The solutions present a different proof to what I came up with.

I am given $|a_{n+1} - a_n| < 2^{-n}$

Suppose $m$ >> $n$. Now : $$|a_{n+1} - a_m + a_m - a_n| < 2^{-n}$$ $$|a_{n+1} - a_m + a_m - a_n| \ge |a_m - a_n|-|a_{m}-a_{n+1}| \ge|a_m-a_n| < 2^{-n}$$

Now pick $N$ and $\epsilon > 0$ such that $2^{-N} < \epsilon$.

Then for $m > n > N$ I have $|a_m - a_n|< \epsilon \iff$ Cauchy therefore convergence.
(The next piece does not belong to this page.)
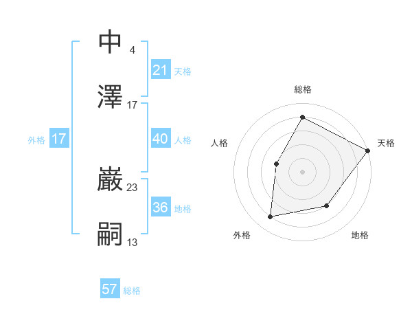 中澤 巌嗣さんの総格は57画の4点!

Is this right? Or do I need to tweak some things

Answer 1

You proof is wrong because you can't conclude that $|a_m-a_n|<2^{-n}$, you can only say that $2^{-n}+|a_m-a_{n+1}|\geq |a_m-a_n|$. However this can be fixed, if $m> n$, applying your result repeatedly will lead you to $$2^{-n}+2^{-n+1}+\cdots+2^{-(m-1)} \geq |a_m-a_n|$$ from which you can easily show that $a_n$ is Cauchy.

Answer 2

Let $ n,p >0$.

$$|a_{n+p}-a_n|=$$ $$|a_{n+p}-a_{n+p-1}+...+a_{n+1}-a_n|\le$$

$$2^{-(n+p-1)}+...+2^{-(n+1)}+2^{-n}=$$

$$2^{-n}(1+2^{-1}+...+2^{-p+1})=$$

$$2^{1-n}(1-2^{-p})\le 2^{1-n}$$

for $ n $ great enough, we will have

$$|a_{n+p}-a_n|\le 2^{1-n}<\epsilon$$

$(a_n) $ is Cauchy, and converges.